Kinetic profile of OCR of control liver slices placed in to the flow system immediately after harvesting. Liver slices (n = 3 from separate animals done on separate days) were perifused in culture media for 40 h. OCR stabilized after 18–20 h and from then on maintained a very constant value (steady-state values of OCR were 0.22 ± 0.04 nmol/min/mg liver.
FIG. 3.
FIG. 3.
Determination of inflow concentration of oxygen using periodic flow rate changes. Rather than track the inflow for each individual flow channel and use up available optical detection channels, inflow concentration was determined by periodically doubling the flow rate and calculating the inflow concentration as described in the Methods. Data show the comparison of the calculated value to baseline prior to loading the liver, and subsequent to inhibiting respiration with cyanide.
FIG. 4.
FIG. 4.
High resolution of effects of metformin on liver OCR. To maximize the sensitivity to detect low levels of changes in OCR due to the exposure to drugs, the difference between data obtained simultaneously in the presence and absence of 0.3 mM metformin was calculated. This data processing removed the effects of inflow concentration drift and other factors that affected all chambers equally which contributed to short- and long-term noise that ranged around 3%, and increased the resolution of the specific affects of the drug.
Fig. 5.
Fig. 5.
OCR by rat liver during exposure to various concentrations of metformin. Top, After equilibrating the liver in the flow system for 20 h, metformin was added to the inflow at various concentrations as indicated, and the responses of OCR were continuously assessed during 10 h of drug exposure. The n shown for each concentration indicates the number of separate perifusions run on different days using liver slices from different animals. Sufficient replicates were carried out at 0.3 mM metformin (n = 9) to run statistical analysis on the OCR decrement average over the final 15 min of the experiment (** denotes P < .001). Data were fitted to the multi-exponential decay model (equation 1) for each concentration of metformin.
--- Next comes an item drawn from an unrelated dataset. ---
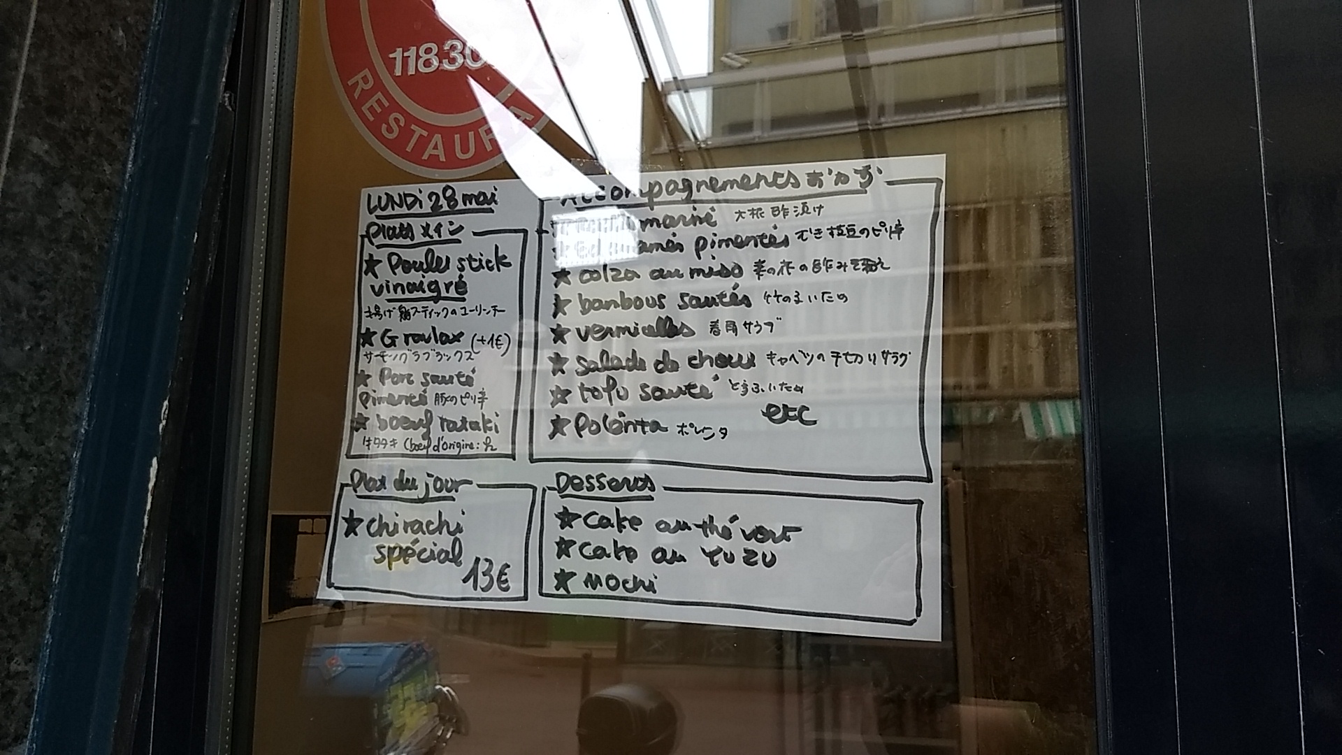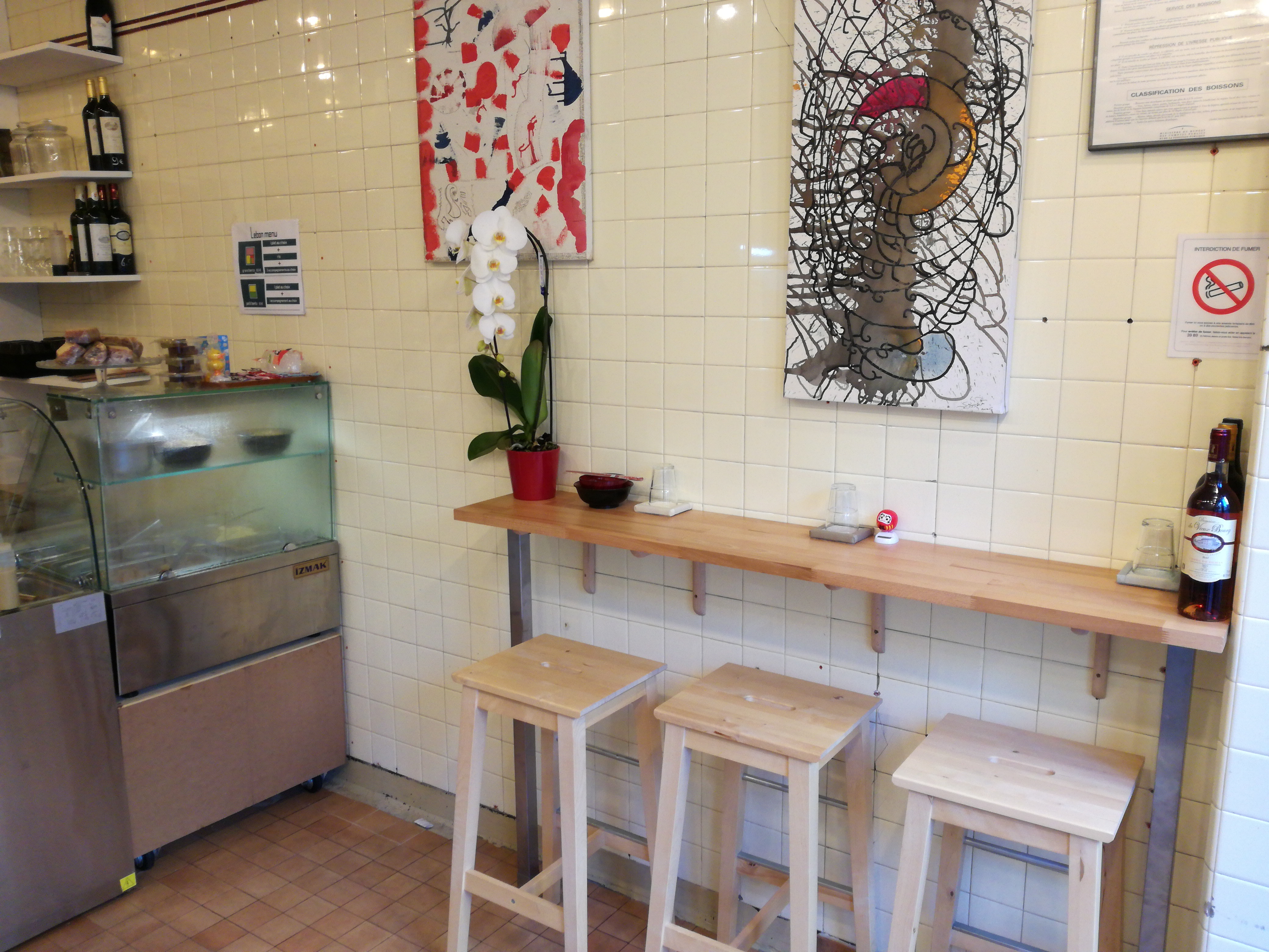 Cuisine japonaise traditionnelle. Ce petit kiosque est tenu par un couple Franco-japonais. La carte est courte, des bento traditionnels, une petite sélection de sushis et chirashi et un ou deux plats du jour. Bon le tarif est assez élevé, comptez en moyenne 15€ si vous rajoutez une soupe miso maison (excellente par ailleurs), il faut évidemment tenir compte du quartier.

Bottom, Kinetic and dose–response analysis of OCR profiles: distinguishing multiple mechanisms. Values of rate constants for the slow and fast inhibition are plotted as a function of metformin concentration.
FIG. 6.
FIG. 6.
Reversibility after exposure to 0.3 or 2.5 mM metformin. After exposure to metformin for 10 h, the liver was perifused in the absence of the drug for an additional 12 h. Data are average of 3 separate experiments done on different days and the error bars are plus or minus the SE.
FIG. 7.
FIG. 7.
OCR by rat liver during exposure to various concentrations of acetaminophen. After equilibrating the liver in the flow system for 20 h, the continuous responses to acetaminophen of OCR during 7 h of continuous assessment. Data was fitted to the multiexponential decay model (equation 1) for each concentration of acetaminophen.